Die Engländer hatten die Jolle wohl immer mit einer Talje bewegt, mit der man das Boot von Land aus über einen Tampen an Land holen konnte. Der Mast wurde gelegt, alles aus dem Boot geräumt – und die vier Leute hoben das Boot auf den Lastwagen.

Dann kam wieder die Plane darüber, unter der sich alle versteckten, und es ging nach Kiel. Der Holzhändler hatte einige große Schuppen und Scheunen. Dort wurde das Boot vorerst eingelagert und mit Heu und Stroh vollgepackt, so dass es kein Mensch sah.

Als die Engländer endlich abgezogen waren, konnte man beim „Kriegsschädenamt“ in Neumünster Ansprüche über Beschädigungen an Möbeln oder Inventar stellen. Knobbes Schwiegervater hatte dort einfach den Verlust des Boots angegeben. Das wurde allerdings nicht anerkannt. Das Amt teilte ihm aber mit: „Ihr Boot ist in einer Sturmnacht lt. Auskunft bei den Engländern auf dem Westensee gesunken und nicht mehr auffindbar. Eine Ersatzforderung können wir nicht anerkennen.“ Wie gut, dass er es besser wusste.

Nachdem das wiedergewonnene Boot gut versteckt in der Scheune in Rönne gelegen hatte, segelte es die Familie später wieder.

Knobbe zeigt mir einige Fotos aus den frühen 1950er-Jahren. Er erzählt auch davon, dass die Jolle einmal durch Fritz „Fiete“ Schlüter fit gemacht worden sei. Der 1902 Geborene war als Bootsbauer im Internat auf dem Plöner Schloss angestellt. Er half 1954 auch, die Jolle unter der Hochterrasse des Hauses aufzuslippen und winterfest einzulagern.

Nach 1955 blieb das Boot lange ungenutzt.
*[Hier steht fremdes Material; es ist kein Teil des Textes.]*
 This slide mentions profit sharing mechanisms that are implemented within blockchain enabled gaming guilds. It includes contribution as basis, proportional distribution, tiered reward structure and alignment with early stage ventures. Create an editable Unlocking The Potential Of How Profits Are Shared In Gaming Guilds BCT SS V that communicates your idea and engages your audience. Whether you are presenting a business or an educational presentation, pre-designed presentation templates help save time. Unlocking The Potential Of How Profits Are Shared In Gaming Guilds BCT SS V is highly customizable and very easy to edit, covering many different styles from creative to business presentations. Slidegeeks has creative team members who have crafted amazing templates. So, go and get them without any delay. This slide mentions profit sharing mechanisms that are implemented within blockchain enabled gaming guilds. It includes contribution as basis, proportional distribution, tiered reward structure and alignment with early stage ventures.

Das hatte verschiedene Gründe: Der Schwiegervater war als einziger Arzt in der Gegend häufig unterwegs. Auch die Großeltern kamen durch berufliche Verpflichtungen nicht dazu. Zuvor war Karl-Heinz Knobbe mit seiner späteren Frau, die gut segeln konnte, hin und wieder auf Tour. Aber als es dann 1954 eingelagert worden war, war es ihnen zu mühselig, es wieder aufs Wasser zu bringen. Sie gingen auch lieber paddeln.
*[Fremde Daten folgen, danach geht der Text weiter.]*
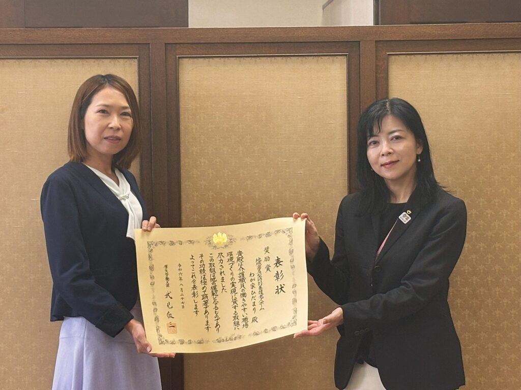 介護職員の働きやすい職場環境づくり 厚生労働大臣奨励賞を受賞いたしました。

66 Jahre später habe ich mich nun des Boots angenommen, und es warten viele Aufgaben auf mich: Zunächst will ich herausfinden, wann und nach welchen Klassenvorschriften diese Jolle gebaut wurde. Außerdem begann ich mit der Suche nach einem Käufer, der in der Lage ist, diesen Fund fachgerecht und im Originalzustand zu restaurieren.

Um es vorweg zu sagen: Ich bin fündig geworden, habe einen kompetenten Tischler gefunden, der sich der Sache annehmen wird. Und ich habe wohl auch nach umfangreichen Recherchen herausgefunden, um welche Bootsklasse es sich bei dem Kellerfund handelt.

Wie es mit der „Windspiel“ weitergeht, dazu bald mehr hier auf float. So viel sei aber verraten: Karl-Heinz Knobbe hat einen Nachfolger gefunden. Und der hat ihm den ersten Schlag mit der neuen, alten Jolle auf dem Plöner See schon versprochen.